In my instance, what worked was the appeal to my sense of being. The appeal to the ego.
Next time when you meet a smoker, don’t remind him what it’s doing to his lungs. Or that he might be shooting blanks soon. He knows all that very well-it’s written in bold on cigarette packs. With every rebuke, you sow hatred in a person who already hates himself to the level of filling his lungs with tar. Hate begets hate.
But I am not saying that smokers shouldn’t be reminded that smoking is bad. They should be-and should not take it personal. Whenever one beats a rug across a rock to clean it, the blows aren’t against the rug, but the dirt in the rug.
Appeal to the person’s sense of wellbeing. Tell him that he looks bad when he smokes. Tell him that it’s messing up his laughter lines. If it’s a lady, tell her that it masks her expensive perfume. Somehow, it might work.
Every smoker is prisoner with a key to the prison door in his hands. Thus he needs to be made aware that he carries inside himself the power to stop what he started. It’s only him who can free himself.

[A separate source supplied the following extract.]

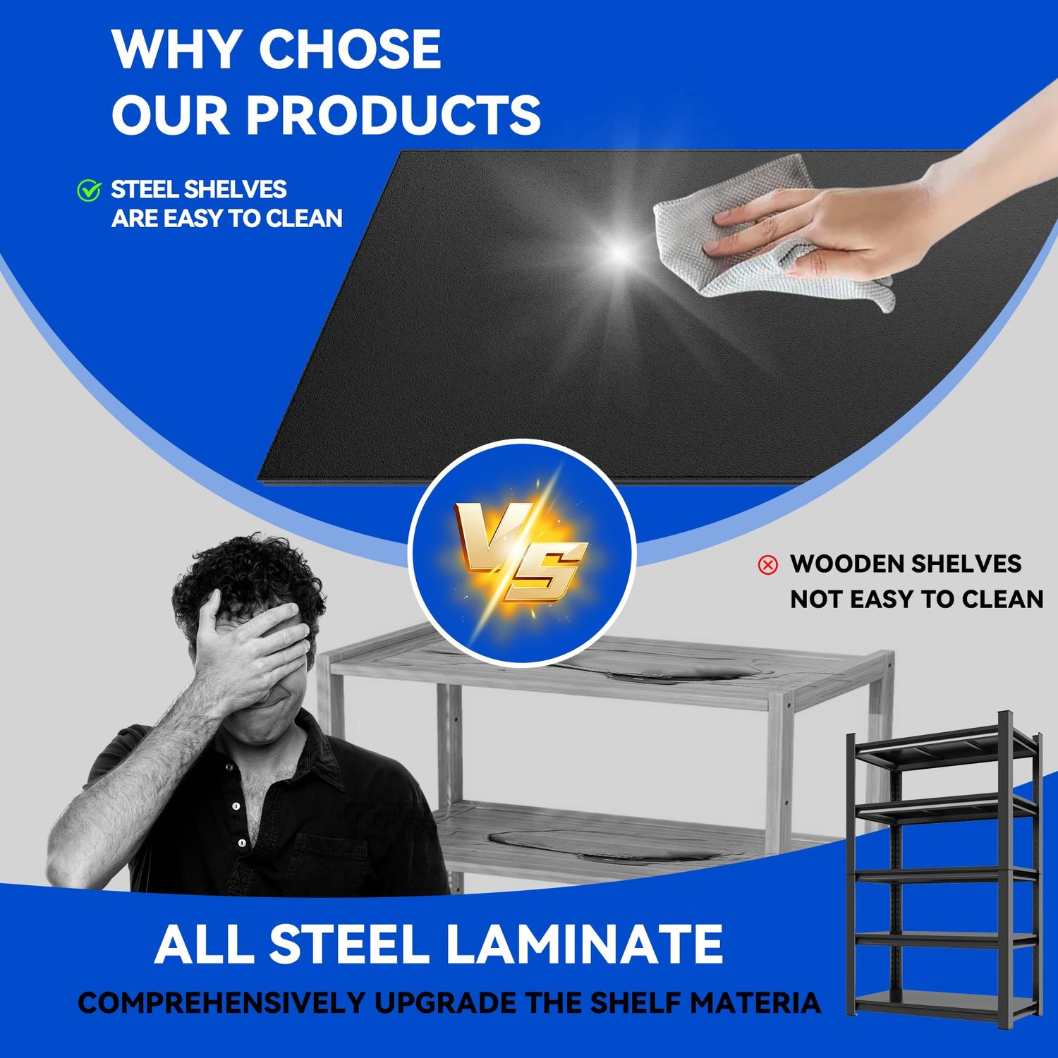 • 【HIGH QUALITY MATERIAL GUARANTEE】 The shelves are made of high-quality metal with powder coated surface, which has excellent anti-rust performance. The specially treated rust-resistant coating allows the shelf to remain shiny and new in humid environments. This moisture- and rust-resistant, scratch-resistant metal shelf will maintain its superior durability and reliability for years to come, and all you need to do is wipe it down with a dry or damp cloth to make it look brand new.
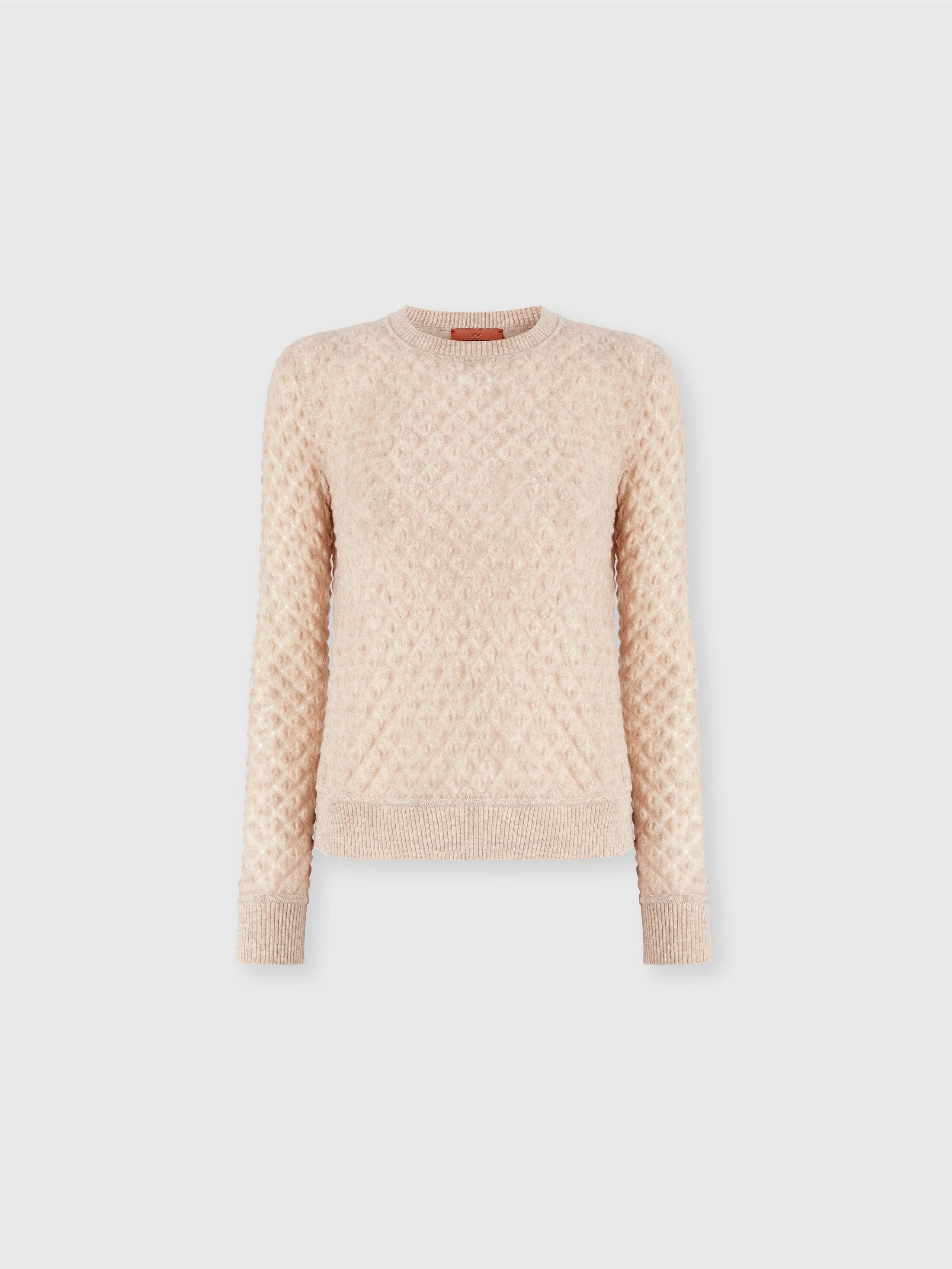 Missoni presents the Spring-Summer 2026 collection: a celebration of femininity, lightness, and colour. A collection that tells the story of beauty through contrasts: flowing lines, exquisite craftsmanship, and the brand’s unmistakable identity. Iconic zigzags, lurex weaves and textures capture the light, combining elegance and freedom. Women's crewneck pullover Long sleeves Raschel knit Lace pattern 100% cashmere Dry cleaning in tetrachloroethene - mild process Ironing maximum temperature 110°C - without steam Dry flat Do not tumble dry Do not wash Do not bleach

The journey to quitting is his or hers alone. Others may walk it with him, but no one can walk it for them. Not the pastor, not a friend, not a spouse.
Do I regret having wasted my lungs with smoke and ashes for some years? No I don’t. Instead I celebrate that I triumphed over a great obstactle.With a little help from my daughter and friends. Such triumphs tell us that we are stronger then we seem.
The experience has also made me suspicious of what I want-because it might turn out to be an addiction. This applies to money, to food, to everything.